• YOUR OBJECTIVE
Using the records below, give again exactly the lines from the line that contains "Prefeito Eduardo Braide" through the line that contains "As adequações nos", both ends included, and only those.

• RECORDS SHOWN
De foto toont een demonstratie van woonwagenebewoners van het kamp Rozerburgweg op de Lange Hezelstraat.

--

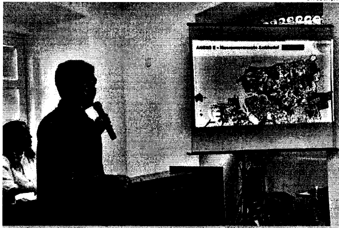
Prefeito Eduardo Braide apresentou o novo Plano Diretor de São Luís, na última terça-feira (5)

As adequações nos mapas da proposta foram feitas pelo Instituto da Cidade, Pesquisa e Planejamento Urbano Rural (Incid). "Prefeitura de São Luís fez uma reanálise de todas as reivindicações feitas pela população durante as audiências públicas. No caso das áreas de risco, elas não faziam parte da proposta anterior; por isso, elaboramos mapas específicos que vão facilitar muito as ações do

• EXERCISE ANSWER
Prefeito Eduardo Braide apresentou o novo Plano Diretor de São Luís, na última terça-feira (5)

As adequações nos mapas da proposta foram feitas pelo Instituto da Cidade, Pesquisa e Planejamento Urbano Rural (Incid). "Prefeitura de São Luís fez uma reanálise de todas as reivindicações feitas pela população durante as audiências públicas. No caso das áreas de risco, elas não faziam parte da proposta anterior; por isso, elaboramos mapas específicos que vão facilitar muito as ações do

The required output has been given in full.